La détermination de la durée minimale des plages de déconnexion doit respecter les prescriptions du Code du travail luxembourgeois relatives au temps de repos. Toute plage de déconnexion doit donc s'inscrire dans ces limites minimales, sans préjudice de dispositions conventionnelles plus favorables. Les salariés à temps partiel, en télétravail ou soumis à des horaires atypiques bénéficient des mêmes garanties légales que les salariés à temps plein.

Type de repos Durée minimale légale Période de référence Base légale
Repos quotidien 11 heures consécutives Par période de 24 heures Art. L.211-16, §3
Repos hebdomadaire 44 heures consécutives Par période de 7 jours Art. L.231-11

Modalités pratiques

La durée minimale des plages de déconnexion doit être formalisée dans une politique interne, un accord collectif ou, à défaut, par décision unilatérale de l'employeur après consultation de la délégation du personnel. Cette durée ne peut être inférieure aux périodes légales de repos.

Il convient d'identifier les plages horaires pendant lesquelles aucune sollicitation professionnelle ne doit intervenir, en tenant compte des spécificités des postes, des contraintes organisationnelles et des besoins opérationnels. La politique de déconnexion doit prévoir les modalités de signalement des atteintes au droit à la déconnexion et les mesures correctives applicables.

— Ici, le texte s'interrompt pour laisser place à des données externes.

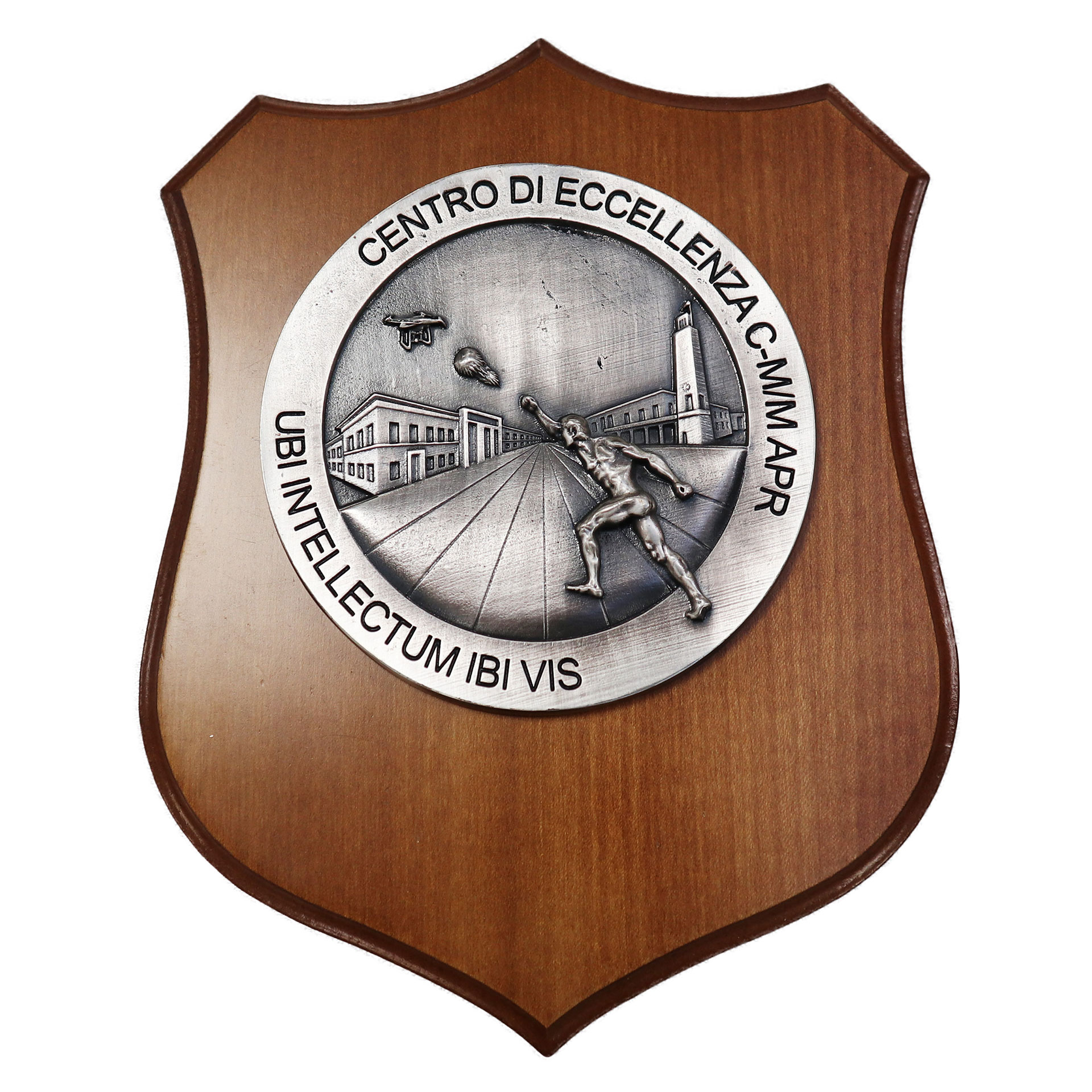 CREST IN METALLO SMALTATO BASE LEGNO 22,5X17,5CM CENTRO DI ECCELLENZA

Élément à formaliser Contenu Validation requise
Plages horaires protégées Périodes sans sollicitation professionnelle (min. 11h quotidien, 44h hebdomadaire) Accord collectif ou consultation délégation
Modalités techniques Outils de déconnexion, paramétrage automatique Information et consultation
Mesures de sensibilisation Formation managers et salariés Plan de formation interne
Modalités de signalement Procédure d'alerte en cas d'atteinte Règlement intérieur ou politique RH
Compensation dérogations Repos compensatoire si intervention exceptionnelle Accord individuel écrit

Pratiques et recommandations

Il est recommandé de fixer une plage de déconnexion d'au moins 11 heures consécutives chaque jour, correspondant au repos quotidien légal. Pour les salariés soumis à des astreintes, la plage de déconnexion doit être clairement distinguée des périodes d'astreinte, qui ne constituent pas du temps de repos effectif si une intervention est requise.

Les employeurs doivent sensibiliser les managers et les salariés à l'importance du respect des plages de déconnexion et veiller à ce qu'aucune pression implicite ou explicite ne soit exercée pour répondre en dehors des horaires de travail. La traçabilité des sollicitations numériques peut être utilisée pour contrôler le respect de la politique de déconnexion.

Pour les entreprises de plus de 150 salariés, l'introduction ou la modification du régime de déconnexion doit être prise d'un commun accord entre l'employeur et la délégation du personnel, conformément à l'article L.414-9, point 9 du Code du travail. Dans les entreprises de taille inférieure, une consultation préalable de la délégation est requise.

Cadre juridique

Référence Objet
Article L.211-16, §3 Repos quotidien de 11 heures consécutives minimum par période de 24 heures
Article L.231-11 Repos hebdomadaire de 44 heures consécutives minimum par période de 7 jours
Article L.312-9 Obligation de mettre en place un régime assurant le respect du droit à la déconnexion en dehors du temps de travail
Article L.312-10 Sanctions administratives (251 à 25.000 euros) en cas de non-mise en place du régime de déconnexion (entrée en vigueur au 1er juillet 2026)
Article L.414-9, point 9 Décision d'un commun accord avec la délégation du personnel (entreprises ≥ 150 salariés) pour l'introduction ou modification du régime

Note

Toute atteinte injustifiée au droit à la déconnexion peut constituer une violation des obligations de sécurité et de protection de la santé du salarié, engageant la responsabilité de l'employeur. Bien que les sanctions administratives de l'article L.312-10 n'entrent en vigueur qu'au 1er juillet 2026, les tribunaux du travail peuvent d'ores et déjà condamner les employeurs pour non-respect du droit à la déconnexion.